The third area is the extent and depth of presence at the community level and therefore the ability to reach people. Faith organizations are widely present almost throughout the world, and they are, in a sense, the ultimate community organizations, particularly in places with the weakest-level government structure or with the weakest infrastructure.

Finally, and in some sense this is the most complex issue, faith organizations have for millennia addressed some of the most complex ethical and moral issues that societies face. And the development business confronts many of those issues because it involves transformation, abrupt departures from traditional ways, and changes in behavior. Looking to some of the ancient wisdom and working with people from the faith organizations to address the trade offs that inevitably emerge is an important area.

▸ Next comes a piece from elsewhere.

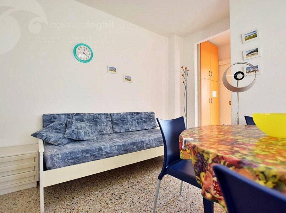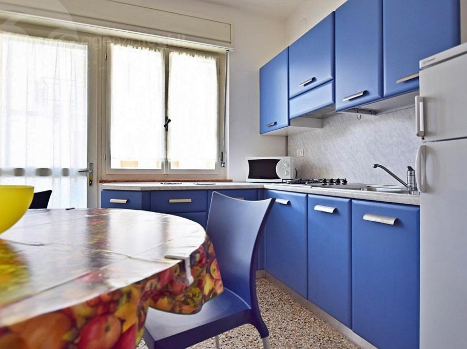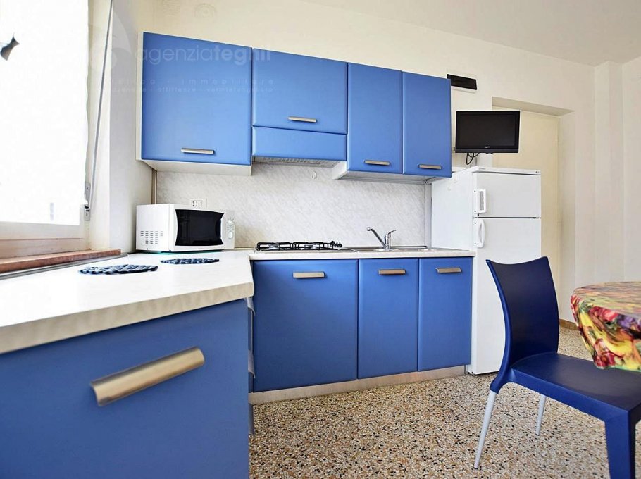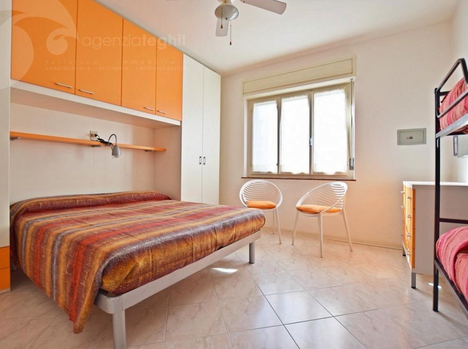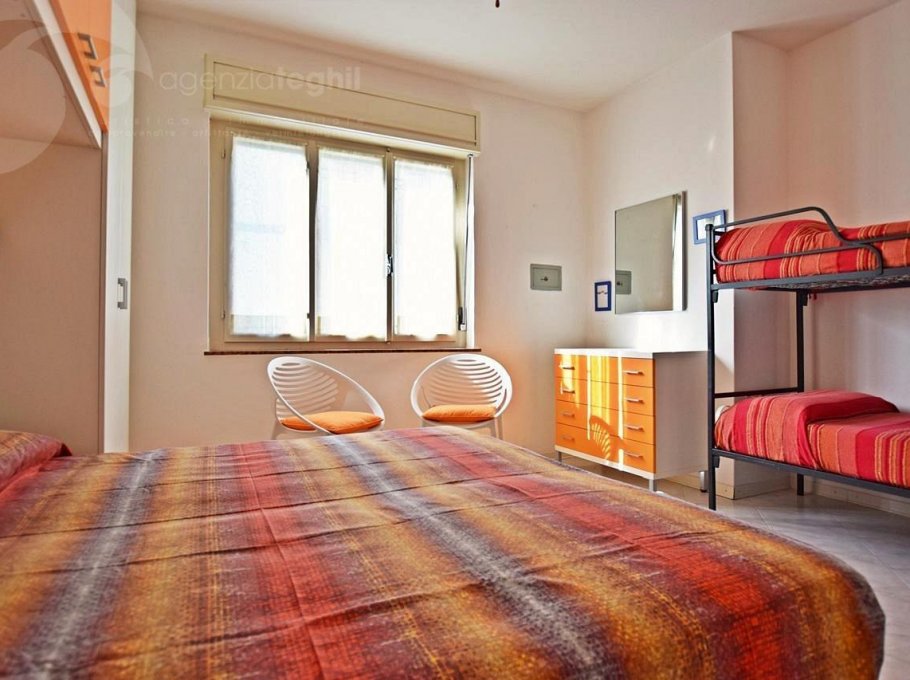 Type B: 4/5 persons - Apartment on 1st floor with one room with double bedroom + bunk-bed ., living-room with single sofa, Tv (with Italian programs only) and balcony. Kitchenette with induction hob, equipped with a 240-liter refrigerator (separate freezer compartment) and microwave oven. Windowed bathroom with shower-box and washing-machine.

Dealing with issues of corruption, for example, could be a subject for some very productive and thought-provoking dialogue with faith organizations, to find the best paths to deal with what is in fact a very complex set of behaviors and incentives that affect people in so many parts of the world, rich and poor, and that bind them together across national boundaries in intricately elaborate ways.

What unique problems or challenges does religion bring to international development?

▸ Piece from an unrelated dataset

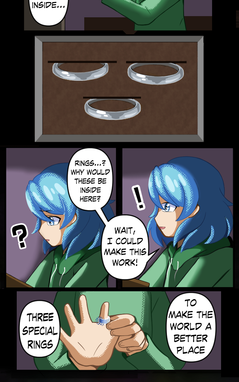 A young writer with big ambitions, Emi searches for inspiration and finds it in the form of three rings. Years later, she has lost her ambitions and refused to wear her ring for several years... That is until she has to use the power of the rings to stop the monochrome, shape shifting creatures who aim to replace people with 'ideal versions' of themselves. Together with Maya, Daigo and Aoi, they secretly plan to stop the monochrome under the disguise of a school club.

We have indeed faced a particular experience of such challenges, as the relatively modest initiative by the World Bank to engage with faith organizations proved to be surprisingly controversial, particularly in its early years. And as a result, we have given quite a lot of thought to why it is that people reacted negatively to it.

I think there are four major reasons why people have reacted negatively. The first one is that religion is viewed by many in the secular development world as potentially divisive and potentially political. In other words, religious organizations contest among themselves; they are viewed as bringing considerable tensions — if one supports one group, another will be angry. They are seen as competing for followers, competing for resources, generating or contributing to conflicts within society. Since the international financial organizations are explicitly required to avoid involvement in internal political affairs, and since for so many governments or states, the separation of church and state is an important principle, there was a lot of concern with the World Bank’s potential involvement with religious organizations on any systematic level. So that was the issue of religion being seen as divisive.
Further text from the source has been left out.